(Records from a data source)
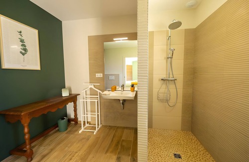 Designed in a zen and calming style, this double room offers a pleasant view of the garden, ideal for a relaxing stay in the heart of nature.
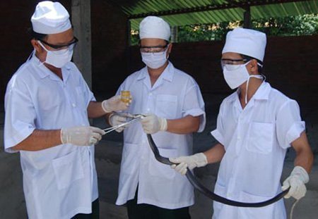 Cán bộ, nhân viên Trại rắn Đồng Tâm đang lấy nọc rắn (Ảnh: Kyluc.vn) |
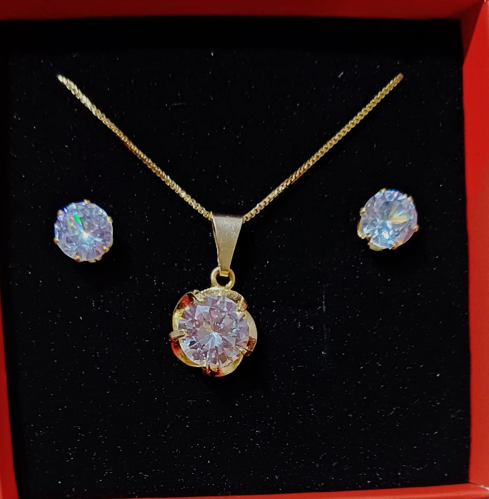 Conjunto brincos e colar veneziana com pingente ponto de luz zircônias grande banhado a ouro
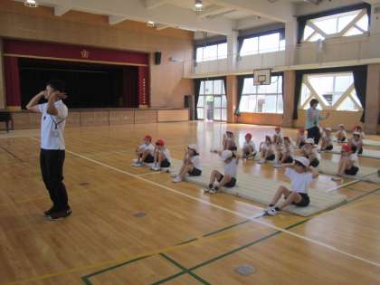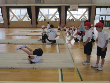 まずは後転の基本になる「ゆりかご」をします。マットに並んで座り、ヒザを抱えて背中をまるめ、後ろに揺れてまた元の姿勢に戻ります。「後ろに転がったときに両手を着こう。」、「次は足の先で床にタッチしてみよう。」、「最後は両手を着いてから、足の先でタッチしよう。」と、少しずつ難しくしていきます。
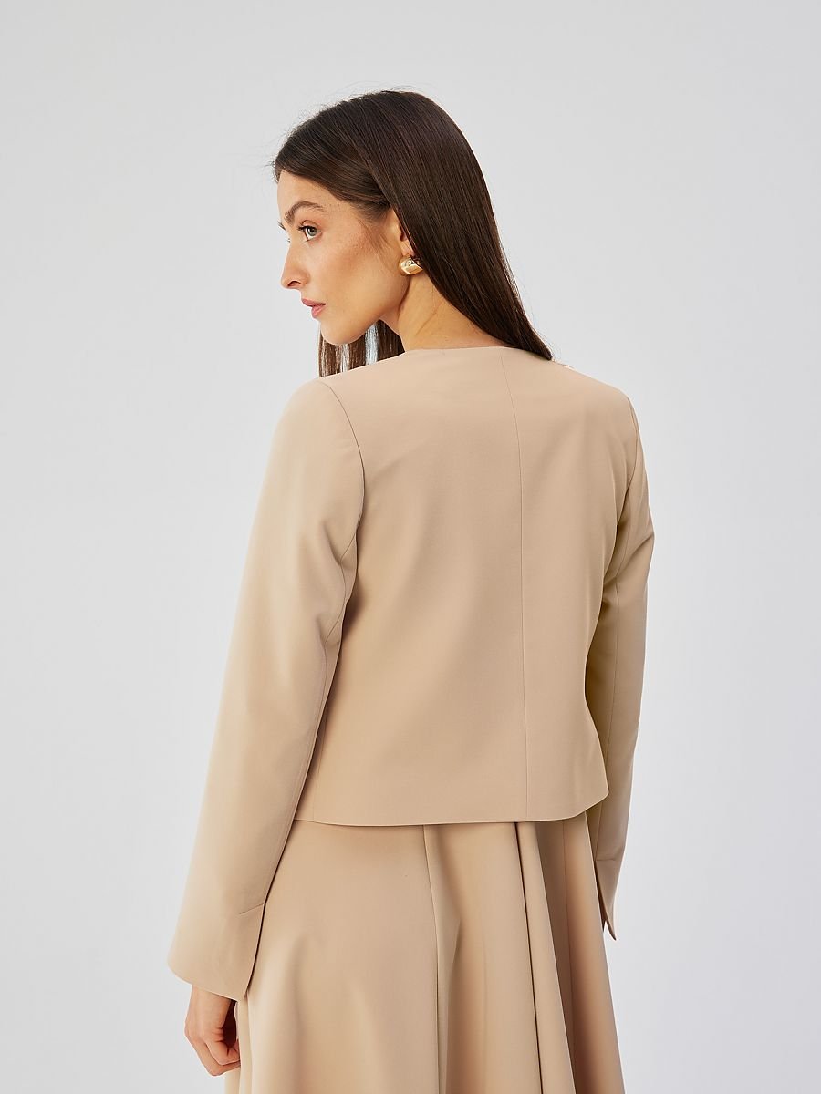 Krótka marynarka to wyjątkowy element garderoby, charakteryzujący się krótkim krojem, co nadaje mu nowoczesny i dynamiczny wygląd. Bez kołnierza oraz z brakiem tradycyjnego zapięcia, ta marynarka prezentuje się stylowo i nieformalnie. Jej długie rękawy dodają elegancji, jednocześnie utrzymując lekki charakter. Z przodu na piersi znajduje się imitacja kieszeni, co nadaje marynarce nutkę swobodnego szyku. Cała marynarka jest starannie wykończona i wyściełana na podszewce, co zapewnia nie tylko estetyczny wygląd, ale także komfort noszenia. To idealny wybór dla tych, którzy poszukują eleganckiego, lecz jednocześnie swobodnego elementu garderoby, idealnego do różnych okazji. Zaprojektowane i uszyte w Polsce.
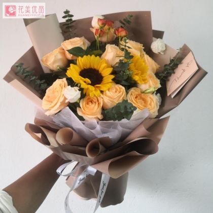 香槟玫瑰11枝,向日葵2枝,尤加利,多头玫瑰,洋桔梗搭配,精美花束。
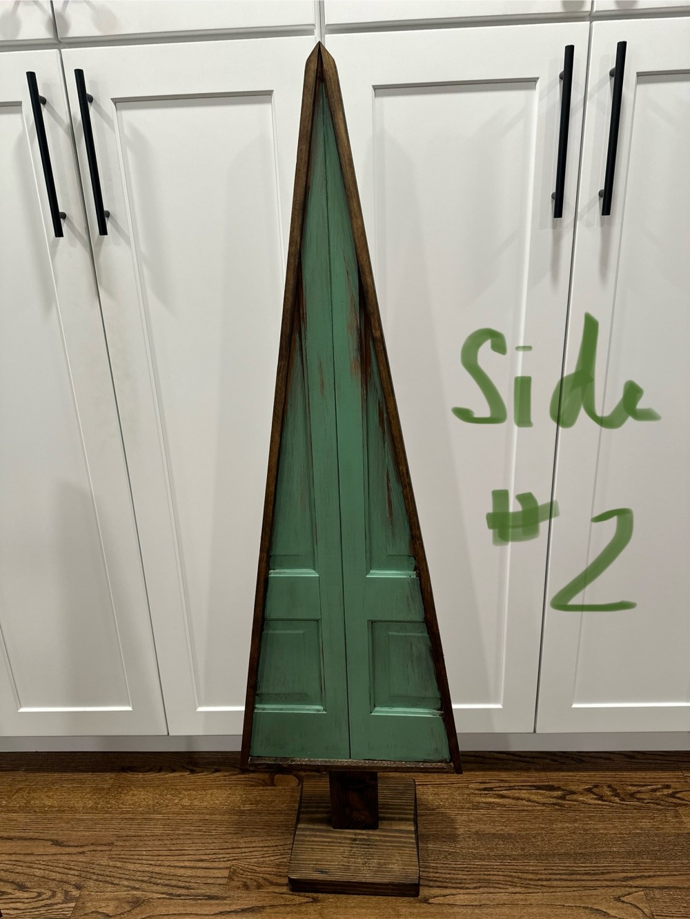 This tree is made from a repurposed door. We trimmed it out and painted both sides in different colors to give you options and to display in a spot in your home that can be seen from both sides. There is a hook on the white side. We are including a small wreath, but you can trade it out for something else if you prefer. This tree reaches 52 inches in height.
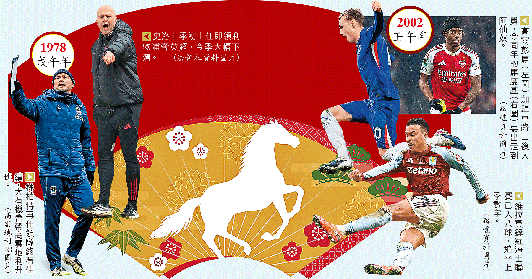 踏入馬年,國際球壇上生肖屬馬的兵將,今年犯太歲,惟看來同人不同命,高爾彭馬(Cole Palmer)和摩根羅渣 ...全文
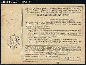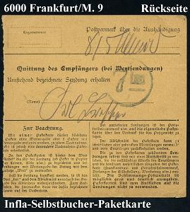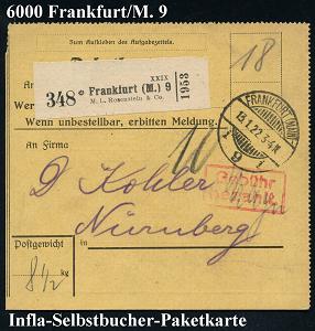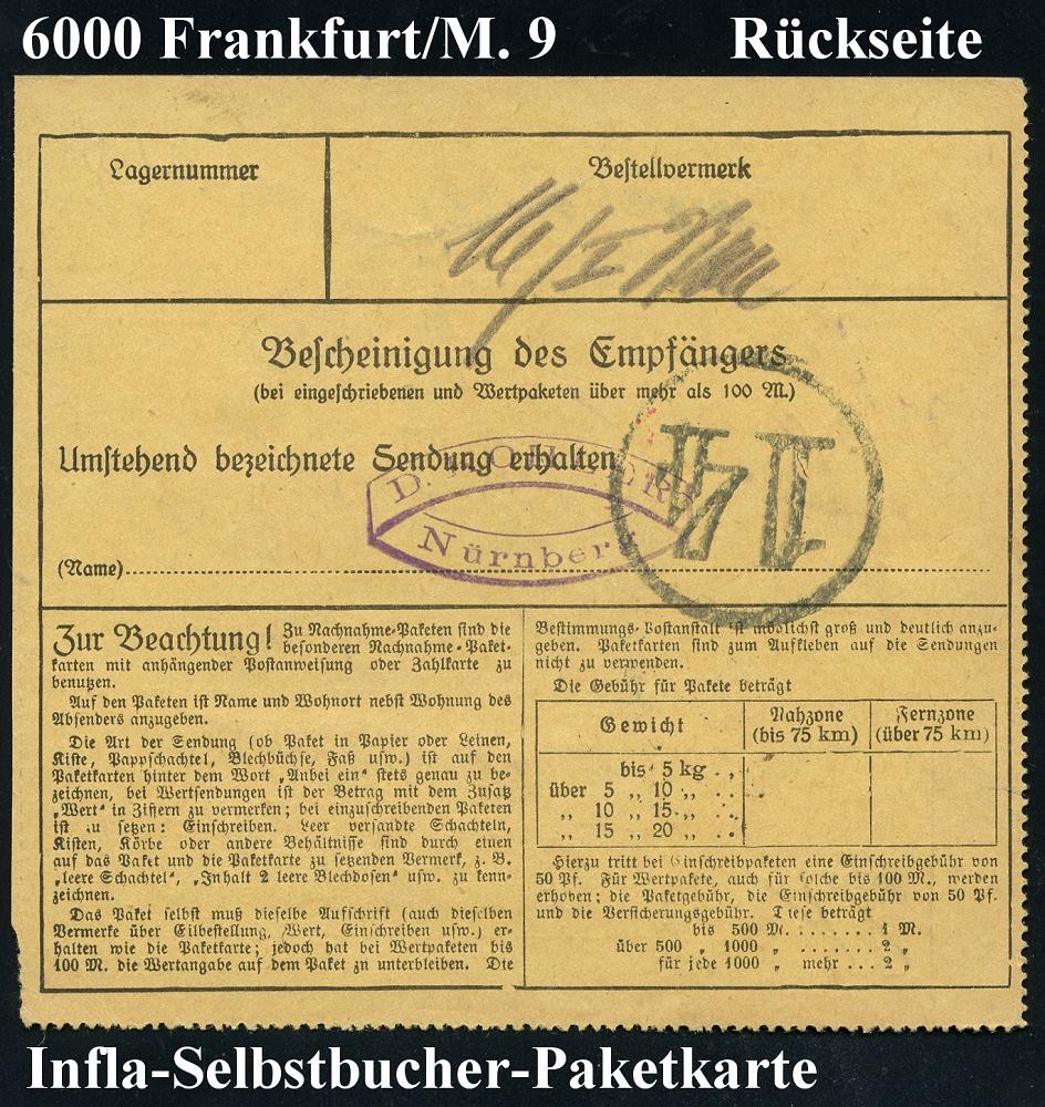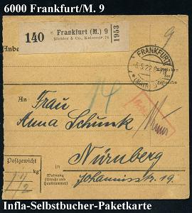 441 | 18 € | 6 Frankfurt/M. Post-Freistempel : FRANKFURT/ *(MAIN) 9/ x 1922 (5.5.) 1K-Brücke + roter Ra.: Gebühr bezahlt + schw. Selbstbucher-Paketzettel: Frankfurt (M.) 9/ Richter & Co., Kaiserstr.74 , Infla-Paketkt. n. Nürnberg, rs. AS. | ![]() ![]() | |

- Exercise goal:
Rewrite the data above exactly as given, but omit the images.

- Problem solution:
 Designed in a zen and calming style, this double room offers a pleasant view of the garden, ideal for a relaxing stay in the heart of nature.
 Cán bộ, nhân viên Trại rắn Đồng Tâm đang lấy nọc rắn (Ảnh: Kyluc.vn) |
 Conjunto brincos e colar veneziana com pingente ponto de luz zircônias grande banhado a ouro
 まずは後転の基本になる「ゆりかご」をします。マットに並んで座り、ヒザを抱えて背中をまるめ、後ろに揺れてまた元の姿勢に戻ります。「後ろに転がったときに両手を着こう。」、「次は足の先で床にタッチしてみよう。」、「最後は両手を着いてから、足の先でタッチしよう。」と、少しずつ難しくしていきます。
 Krótka marynarka to wyjątkowy element garderoby, charakteryzujący się krótkim krojem, co nadaje mu nowoczesny i dynamiczny wygląd. Bez kołnierza oraz z brakiem tradycyjnego zapięcia, ta marynarka prezentuje się stylowo i nieformalnie. Jej długie rękawy dodają elegancji, jednocześnie utrzymując lekki charakter. Z przodu na piersi znajduje się imitacja kieszeni, co nadaje marynarce nutkę swobodnego szyku. Cała marynarka jest starannie wykończona i wyściełana na podszewce, co zapewnia nie tylko estetyczny wygląd, ale także komfort noszenia. To idealny wybór dla tych, którzy poszukują eleganckiego, lecz jednocześnie swobodnego elementu garderoby, idealnego do różnych okazji. Zaprojektowane i uszyte w Polsce.
 香槟玫瑰11枝,向日葵2枝,尤加利,多头玫瑰,洋桔梗搭配,精美花束。
 This tree is made from a repurposed door. We trimmed it out and painted both sides in different colors to give you options and to display in a spot in your home that can be seen from both sides. There is a hook on the white side. We are including a small wreath, but you can trade it out for something else if you prefer. This tree reaches 52 inches in height.
 踏入馬年,國際球壇上生肖屬馬的兵將,今年犯太歲,惟看來同人不同命,高爾彭馬(Cole Palmer)和摩根羅渣 ...全文
 441 | 18 € | 6 Frankfurt/M. Post-Freistempel : FRANKFURT/ *(MAIN) 9/ x 1922 (5.5.) 1K-Brücke + roter Ra.: Gebühr bezahlt + schw. Selbstbucher-Paketzettel: Frankfurt (M.) 9/ Richter & Co., Kaiserstr.74 , Infla-Paketkt. n. Nürnberg, rs. AS. | ![]() ![]() | |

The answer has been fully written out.